I mean I’d personally put 24-year-old me in a headlock and walk him bodily to the nearest toilet and flush his head down it, flush flush flush, then kick his ass, then kick his ass again, then flush his head again, then one more ass-kick. Then I’d take him to the barbers and sort his haircut out, but that’s tertiary. The main thing is the ass-kicking and head-flushing. To make a point.

Twenty-four is a good age, arguably the best age you can ever be, and sadly you are too 24 years old about it at the time to properly enjoy it. I suppose, there, deep in the nature of being 24, is the truth of it: if you appreciate how good you have it at the time, you can’t properly enjoy having it that good.

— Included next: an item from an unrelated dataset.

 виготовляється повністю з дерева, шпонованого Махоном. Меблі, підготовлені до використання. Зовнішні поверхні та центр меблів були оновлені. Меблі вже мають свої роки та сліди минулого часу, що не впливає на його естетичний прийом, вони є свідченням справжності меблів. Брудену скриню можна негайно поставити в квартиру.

If you live the age of 24 with the warped and bitter perspective of a 30-year-old man, it wouldn’t actually be that fun. It’s like how you always fantasise about going back to school, now, with your man-brain, and everyone being astounded at how smart you are and how effortlessly you get A grades.

Taylor Swift 22

Taylor Swift, singing about being 22, still two years short of living the best age

You’d be top set maths, now, wouldn’t you? And you’d get into Cambridge with the A-level results you were meant to get but didn’t. It sounds good, right? No. Your adult mind would not be able to cope with playground politics, with relying on your mum to give you lifts. You’d be preternaturally smart, yes, but life would drive you to the brink of insanity. We get, more or less, the mind our body deserves.

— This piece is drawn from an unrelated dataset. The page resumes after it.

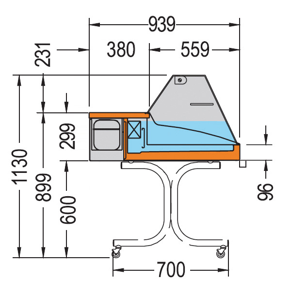 - Hermetische Einheit eingebaut unter der Servierablageplatte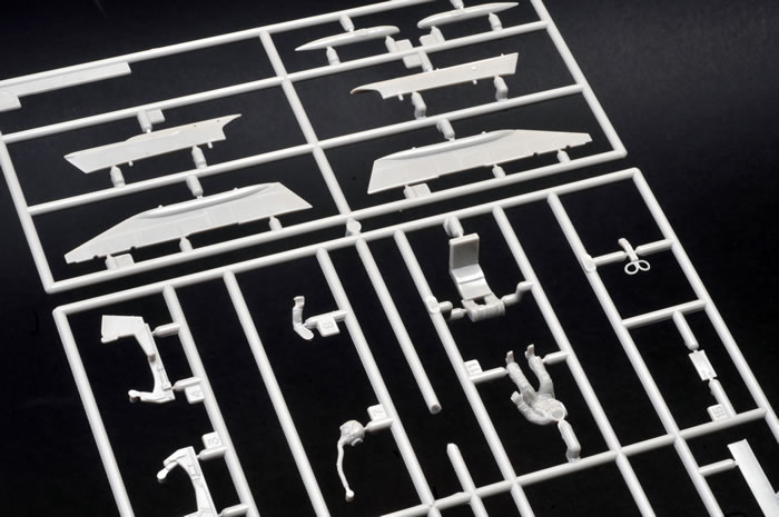 Hasegawa's plastic sprues are light grey. There are only 106 plastic parts, and of these 14 are marked not for use. 14 clear parts are also included, with three marked not for use.

Twenty-four is great because it’s about the last age you had no pressure on you. Twenty-four, for me, was fantastic: I lived in a dirt-cheap flat with two incredibly fun dudes who were into party drugs and Grindr, I never had any plans made more than about a day in advance, I had a ridiculously mundane job where essentially my role was ‘answer emails’ and nobody ever, ever minded if I was late. 

“He is 24,” people must have thought of me, when I rolled in half an hour over what my timesheet said I did, again. “He exudes 24-ness. You cannot hate that. You can only excuse it.”

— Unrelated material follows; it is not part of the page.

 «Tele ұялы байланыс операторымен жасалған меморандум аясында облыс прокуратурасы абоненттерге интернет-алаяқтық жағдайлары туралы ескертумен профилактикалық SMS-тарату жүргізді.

What a year, what a year. And I probably could have chased that youth dragon for longer, if I wanted to – into 26, 27, even – but then, without me noticing, I started doing incrementally adult things.

I hit 25 and opened an ISA (I did not understand fully what an ISA was then and I don’t now, but it’s the point: it’s what an ISA symbolises). I stopped asking for the cheapest lager at the bar. 

ISA

What exactly is an ISA? And why is there a giant pound coin and dice with mathematical symbols on in this photo? And how do you get a calculator to say ‘A’?

The same year, I, like a doomed idiot, moved in with a girlfriend. Suddenly the parameters of my life had changed. 

I couldn’t just eat a Snickers for dinner anymore, I had to consume and pretend to enjoy lentils. I couldn’t play Red Dead Redemption deep into the early hours, because we had a box set to work through. You don’t know the moment you have ruined your youth until you’ve done it.

They say pressure makes diamonds, and I am not going to deny that: I am, undoubtedly, a wonderful, sparkling diamond. But the pressures of adulthood have only increased since the heady 24 days, and there’s no reversing out of that: job pressures, social pressures, money and relationship pressures.

Recently I had to start a Google Calendar on my phone to keep track of all my social engagements, and I wonder how 24-year-old Joel would recoil in horror at this: just him, and the pub’s cheapest pint, nowhere to be, no expectation or pressure, the worst haircut in living British history.

I envy him, deeply, but in another way I really, really don’t.

And I want to kick his entire ass for not appreciating how good he had it at the time.